Breaking Down Barriers — Once I trusted my caseworker, I was able to make progress

I met my caseworker Gloria when I went to rehab after I got the case. The first time we met, she explained how she could help me get my kids back if I put forth the effort. It was hard to believe her because she worked for the same people who took the ones I loved. But she let me know that my children belonged with me, that she believed in me and that I could do this.

Finally, she asked me if there was anything that she could do for me.

My daughters Sheryl, 3, and Jayme, 2, had been taken into custody when they both tested positive for meth. I thought there was no way my kids could’ve tested positive because
I would do it away from them, so I believed that New Mexico’s Children, Youth and Families Department (CYFD) was doctoring the tests. (It wasn’t until later that I found out what really happened to my girls. I had taken some dope to a guy that was staying in a motel room with my kids’ mother. My girls got into the dope, ate it and got sick. Then the guy called CYFD). But I thought the reason my kids were sick was just a stomach bug.

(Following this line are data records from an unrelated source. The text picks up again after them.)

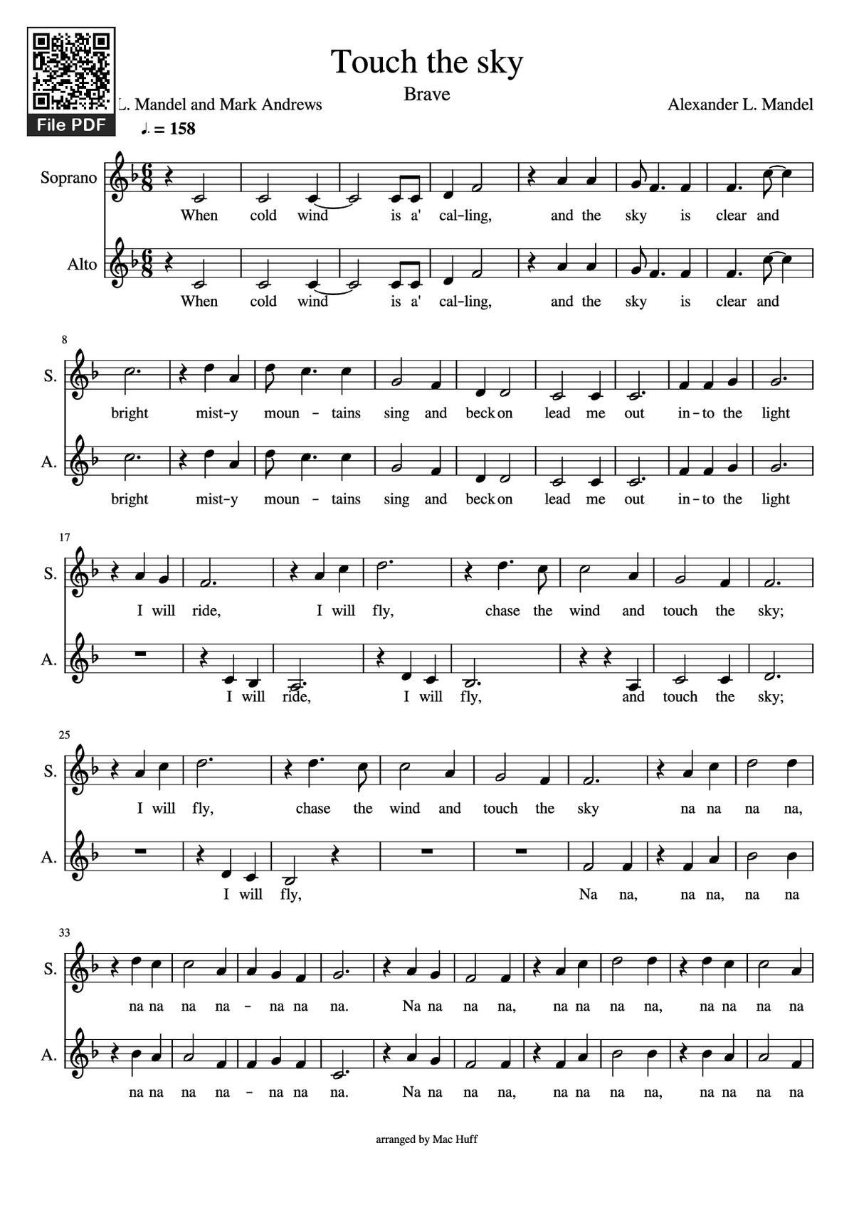 Download and print in PDF or MIDI free sheet music of touch the sky - Julie Fowlis for Touch The Sky by Julie Fowlis arranged by toscalover for Soprano, Alto (Choral)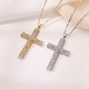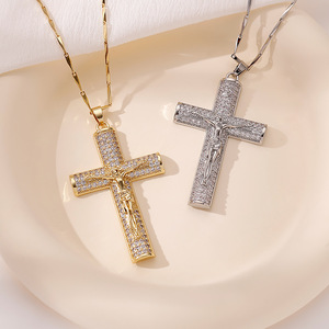 跨境新款欧美镶钻人像十字架满钻吊坠时尚个性配饰饰品首饰批发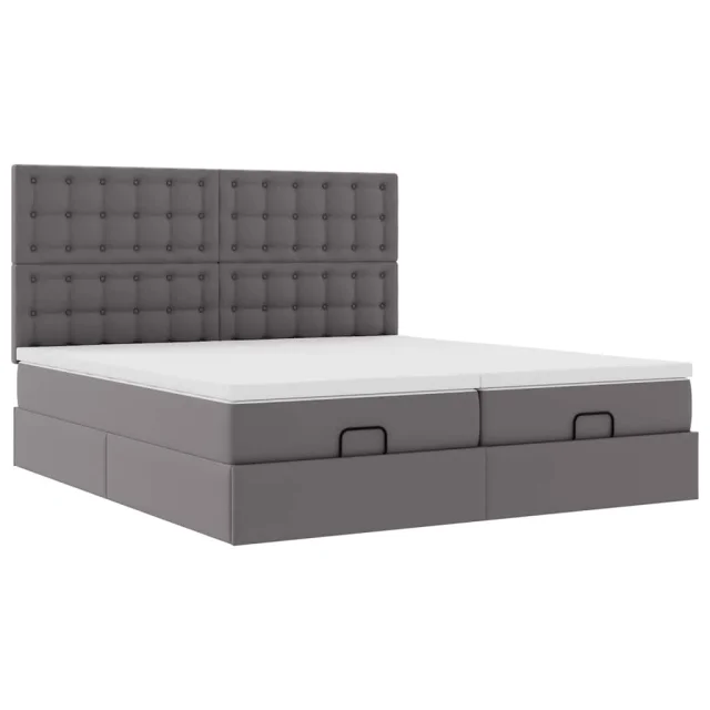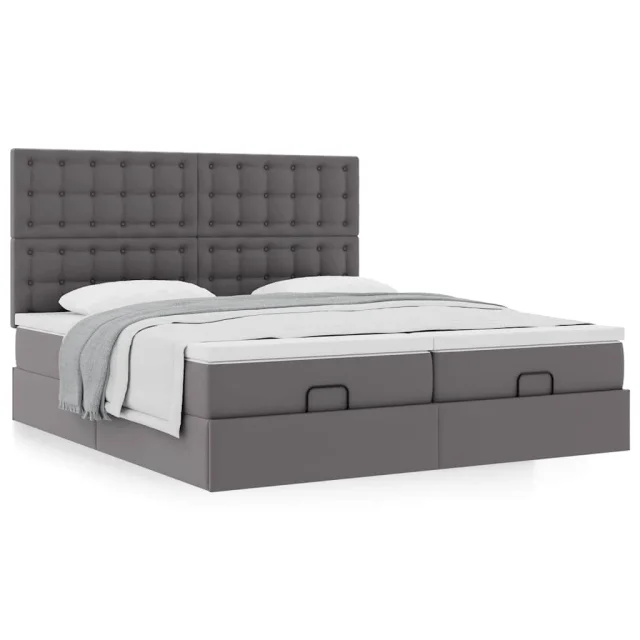 vidaXL Otomanski posteljni okvir z vzmetnicami siv 180x200cm um. usnje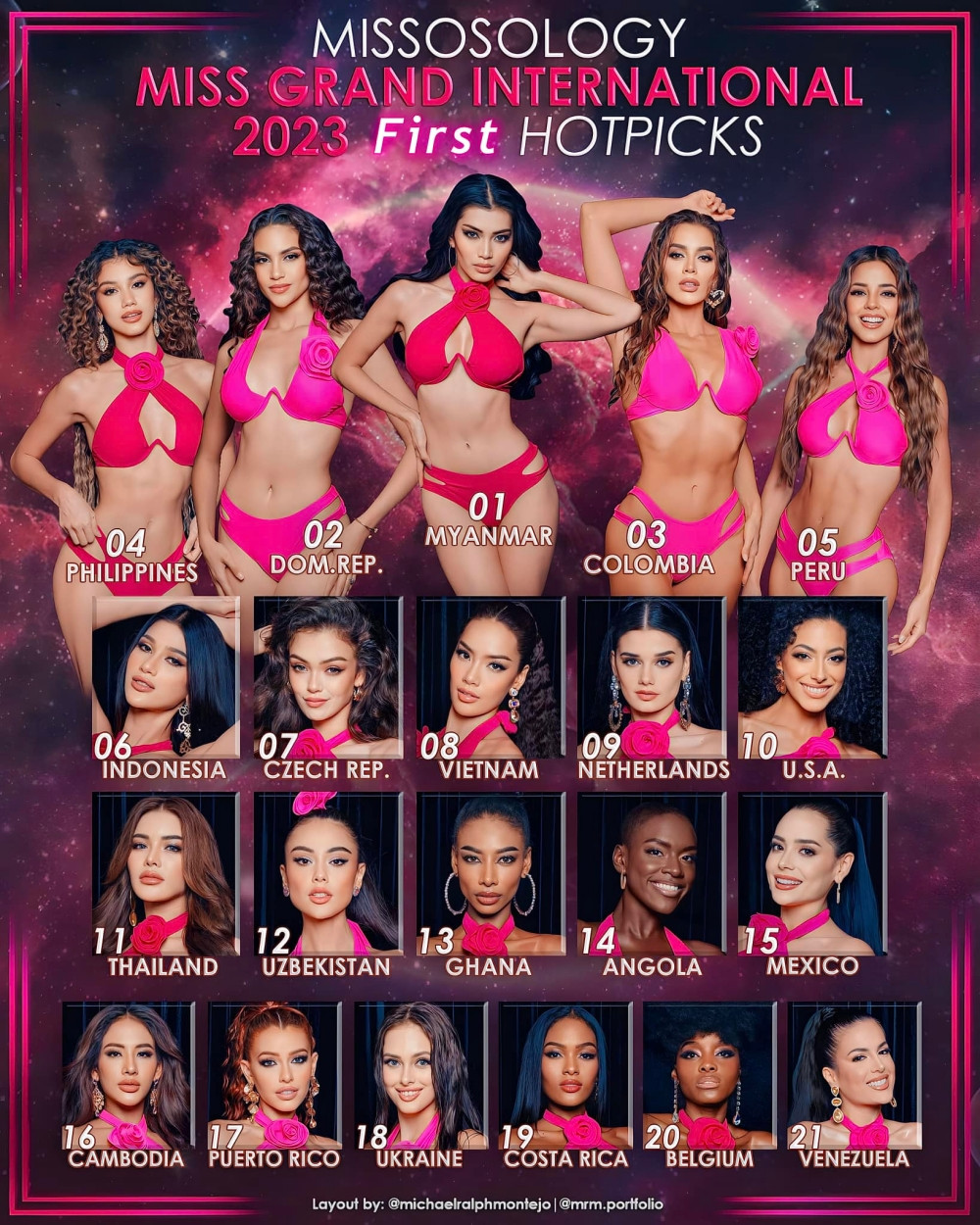 Ở BXH dự đoán đầu tiên, Missosology dự đoán đại diện Myanmar sẽ giành vương miện. Một nguồn tin không chính thống cho rằng Myanmar sẽ là quốc gia đăng cai tổ chức Miss Grand International 2024 nên đại diện của nước này chắc chắn sẽ lọt Top 20 chung cuộc. Hoa hậu Myanmar cũng là một trong số ít các thí sinh luôn áp đảo trong các phần thi bình chọn. Ở BXH dự đoán của Missosology, Hoa hậu Lê Hoàng Phương được dự đoán lọt Top 10 ở vị trí thứ 8.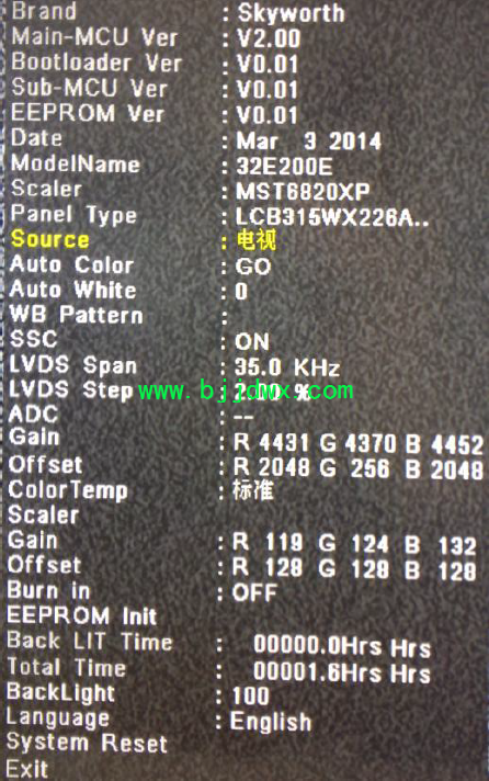 创维32E100E液晶彩电工厂模式调整 此机种需要做Auto Color和白平衡调整。 Auto Color调整如下: 1. 进入工厂模式(以相似机种为例) 按“菜单+1999+->回看(返回)”或者“菜单+1999+OK”。 2. ADC调整方法 本站家电维修网https://www.bjjdwx.com/是以家电维修技术交流为中心的技术论坛:进入工厂模式。 第二步:用遥控选择“Current Source”。 第三步:设置Timing和Source模式。 第四步:选择“Auto Color”。 3. 设置Timing和Source模式 请做VGA和YPbPr 的Auto white100%。 Timing和模式选择:YPbPr: Timing 311; pattern 185 YPbPr: Timing 314;pattern 185 VGA: Timing 137; pattern 42 白平衡调整如下: 1. 进工厂模式; 2. 此机种只调整Ypbpr source,以NORMAL为例; 3. 用遥控选择“Current Source”来选择Ypbpr,Color temp选择NORMAL; 4. 调整R,G,B GAIN值,是色温,亮度达到规格;(Ypbpr TIM 314;PAT 141(80IRE)) 5. 色温规格如下: |
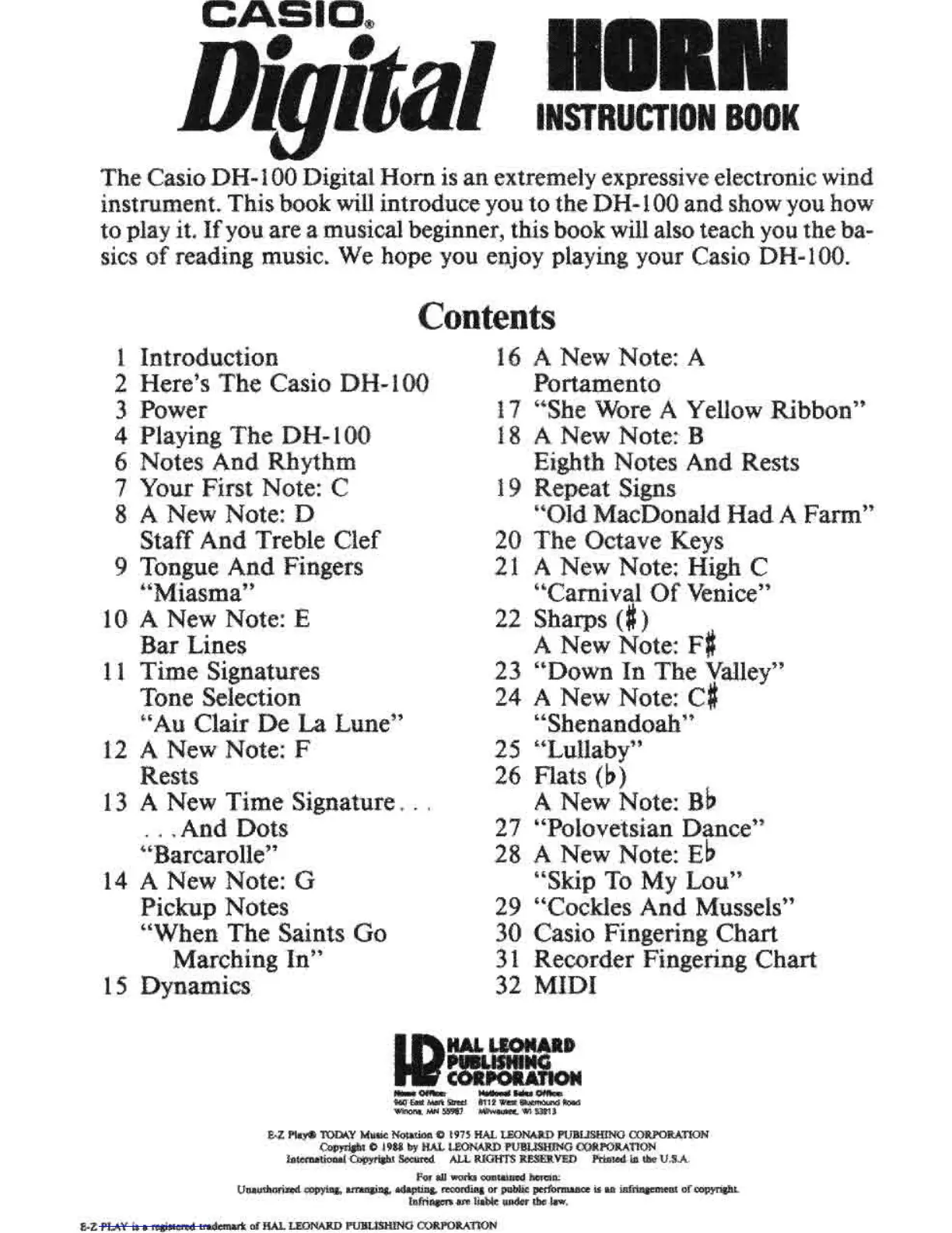 Casio DH-100 - Main Features; Preset Tones; Built-in Speaker; Portamento Effect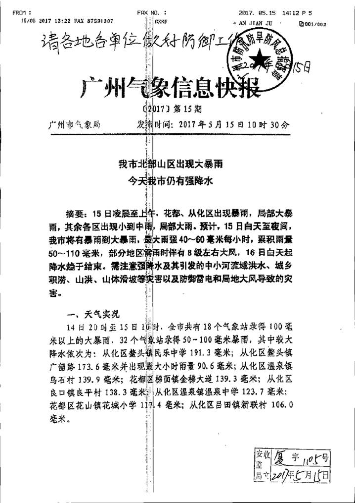 轉發我市北部山區出現大暴雨 今天我市仍有強降水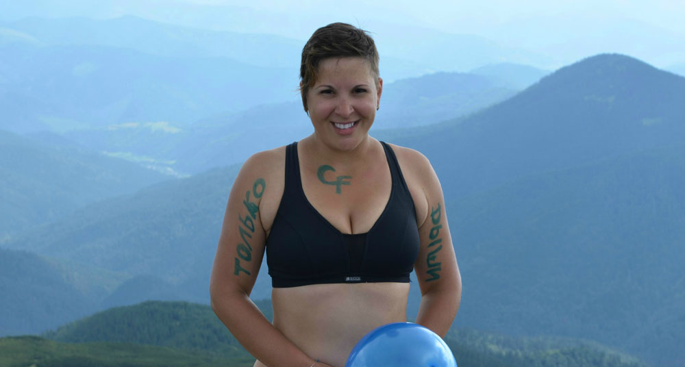 In the photo:Me and other members of “Ball of Yarn” at the top of Hoverla. We started our flash mob at the highest point in Ukraine! We support Cystic Fibrosis!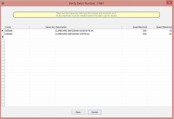 Please note that you will NOT be able to finalise the batch if any items that require serial numbers have not been linked to a valid Serial Number.
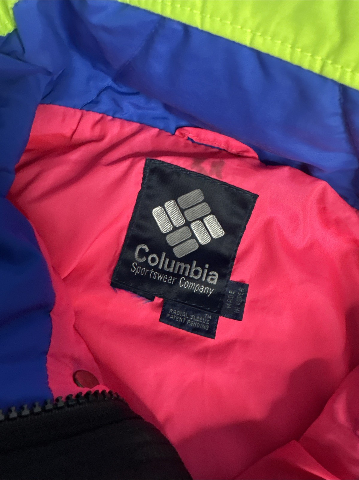 Columbia Sportswear Vintage Windbreaker Jacket Black Neon Green Pink Apx L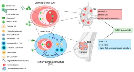 Tertiary lymphoid structures and germinal centres within the lymph node. Both tertiary lymphoid structures (TLSs) and germinal centres hold cellular and functional similarities which are associated with better prognosis in breast cancer patients. Germinal centres are dynamic immune structures within LNs which lead to the generation of affinity matured antibody-producing cells and memory B cells via strong interactions between activated B cells and T follicular helper (Tfh) cells as well as follicular dendritic cells (FDCs). The germinal centre is organised into two zones: the light zone where these intercellular interactions occur and the dark zone where selected B cells proliferate. We have found that LN-positive TNBC patients who present with more, smaller and cortically located germinal centres in their cancer-free LNs exhibit longer time to distant metastasis. Remarkably, mature TLSs within the primary tumour contain a germinal centre-like aggregate encircled by a T cell zone where macrophages and dendritic cells activate naïve T cells. TLSs are characterised by the presence of high endothelial venules (HEV). This germinal centre also leads to the generation of antibody-producing and memory B cells. TNBC patients who exhibit more histologically detected TLSs, more HEVs, and whose tumours express higher levels of TLS gene expression signatures, have better prognosis.

When my kids were taken, I became very defensive. I felt violated, like a part of me had been ripped away. I had a hard time trusting anyone and I wanted to blame my kids’ mother, CYFD, law enforcement and especially the guy who called CYFD. My lack of trust made me very resistant to the help that they were trying to give. I also had been using meth for about 10 years and did not think that I could quit. But deep down I knew that I was to blame.

HANDLED WITH CARE

I met Gloria a week before Christmas and about four weeks since I’d seen my kids. I told Gloria that I would love to see them.

Before they were taken, they saw me just about every day. We had a very strong bond. Since we’d been separated, I’d wonder if they felt as bad I as did.

Gloria said they usually didn’t take kids to rehab but she would see what she could do.

A few days later she called telling me that my kids and I would be having a two-hour visit.

I will never forget that Christmas. I was in rehab with some awesome people; they made drawings and toys out of paper for me to give to my kids.

When I had my visit, my girls came running and jumped on me, giving me hugs. I can remember Sheryl saying, “Dad, I want to go home.” I didn’t want them to know how bad I was feeling so I talked to them about how I was getting well.

Something else happened that day; Gloria showed me that I could trust her.

TRUST LEADS TO PROGRESS

When I got out of rehab, I was able to change my attitude and work with people at CYFD constructively. I was willing to do the things on my treatment plan and was able to talk to the worker about all the stuff that I was doing and how I could do more to get the girls back. She made me feel like she was there to help.

My daughters returned home to me after time.

It’s important for a caseworker to get on the parents’ good side because it’s so hard to trust the people who have taken your children. But when there’s trust, parents are more receptive to hearing about behaviors that need to change. Now when I tell my story to other parents, I always talk about how my caseworker was the one who helped me gain that trust.